Suppose $\phi$ is convex in $(a,b)$. Then the slope $[\phi(x+h) - \phi(x)], h>0$, decreases with $h$. Hence, the derivative on the right,
$$D^+\phi(x) = \lim_{h \to 0+} \frac{[\phi(x+h) - \phi(x)]}{h},$$
exists and is distinct from $+\infty$ in $(a,b)$. Similarly, the derivative on the left, $D^-\phi(x)$ exists and is distinct from $-\infty$ in $(a,b)$. Since $[\phi(x) - \phi(x-h)]/h \le [\phi(x+h) - \phi(x)]/h, h>0$, we obtain
$$-\infty < D^- \phi(x) \le D^+\phi(x) < +\infty.$$
This shows in particular that $\phi$ is continuous in $(a,b)$.
How does this argument show that $\phi$ is continuous in $(a,b)$?

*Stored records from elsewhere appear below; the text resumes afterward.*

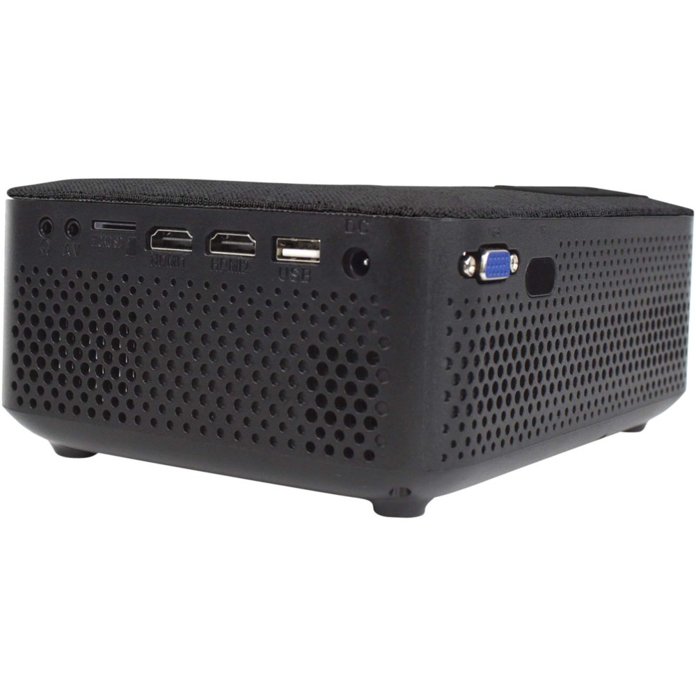 A projektor maximális képminőségben játssza le a filmeket. Támogatja a 1080P FULL HD, 1080i, 720p, 5761, 480p és 480i felbontásokat HDMI-n keresztül. +/- 15 fokos függőleges képjavító rendszer. Távirányító és 2 hangszóró tartozék. Videókat, hanganyagokat, fényképeket és szövegeket vetít. Valódi felbontás: 1280 x 720. Lámpa teljesítménye: akár 5000 lumen. Fehér LED: 100 ANSI lumen. Kontraszt: 500:1. Vetítési távolság: akár 5 méter. Minden típusú lejátszó közvetlen csatlakoztatása HDMI-n keresztül. Bemenet: VGA, 2xHDMI, USB2.0, MicroSD, Aux in és AV IN.
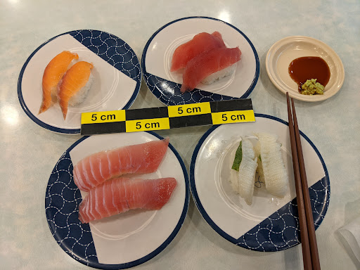 我們先點了四盤壽司,每盤單價40元,比較的基準是附近有(爭鮮壽司每盤30元),在飯量的部分都是機器揉製出來,但是大小比爭鮮壽司更小(有排除上方配料的視覺影響),準備比例尺可以大約得到生魚片的厚度均在≤0.4cm以內,部分食材薄度切到更薄。大切鮪魚腹壽司品質讓人感到失望,照片當中夾起來肉直接散開,新鮮的狀態會是這樣嗎?
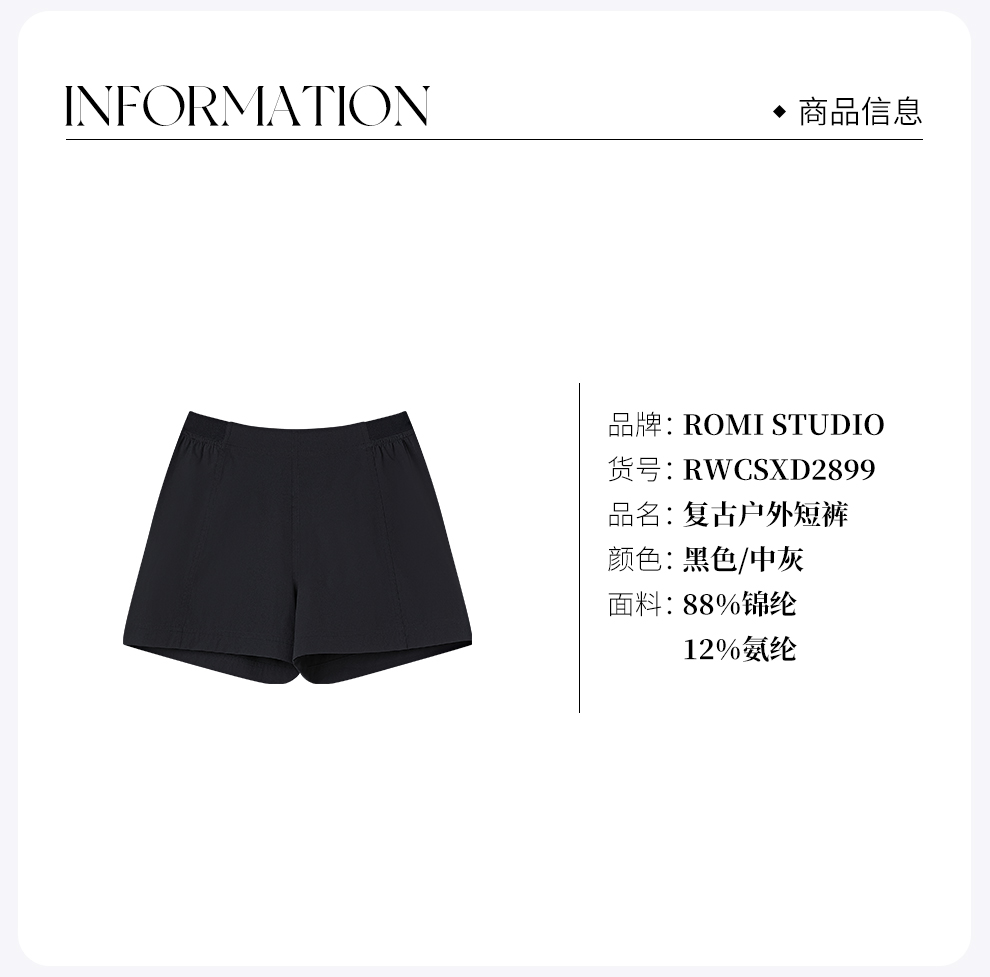 ROMI STUDIO 防晒UPF50轻薄冷感防水快干微皱休闲短裤RWCSXD2899
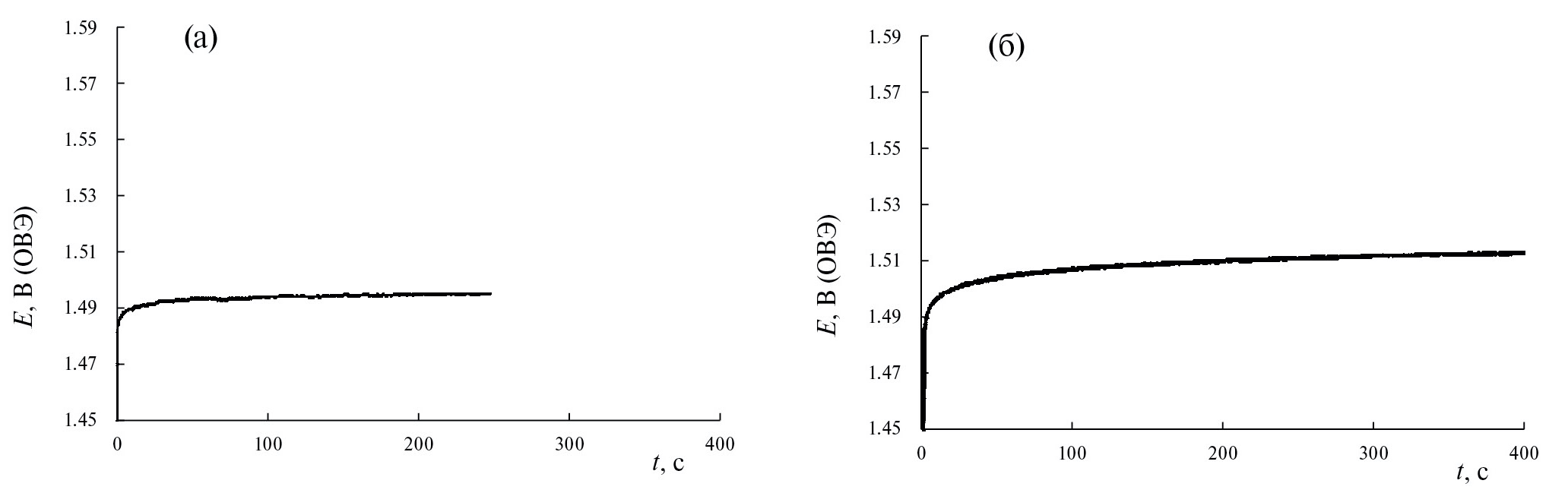 - Гальваностатические измерения. Снимались при токе 20 мА/см2 в течение 400 с при температуре 90°С.

Existence of $\lim_{h\to 0^+} \frac{\phi(x+h)-\phi(x)}{h}$ imlplies that $$\lim_{h\to 0^+} h\cdot \frac{\phi(x+h)-\phi(x)}{h} = 0 \implies \lim_{y\to x^+} \phi(y) = \phi(x). $$ Similarly we would should the equality for left limit. But then, since left and right limits exist and are equal, then the limit itself must exist and be equal to them. So $$ \lim_{y\to x} \phi(y) = \phi(x).$$ This is just from the existence of the limits themself.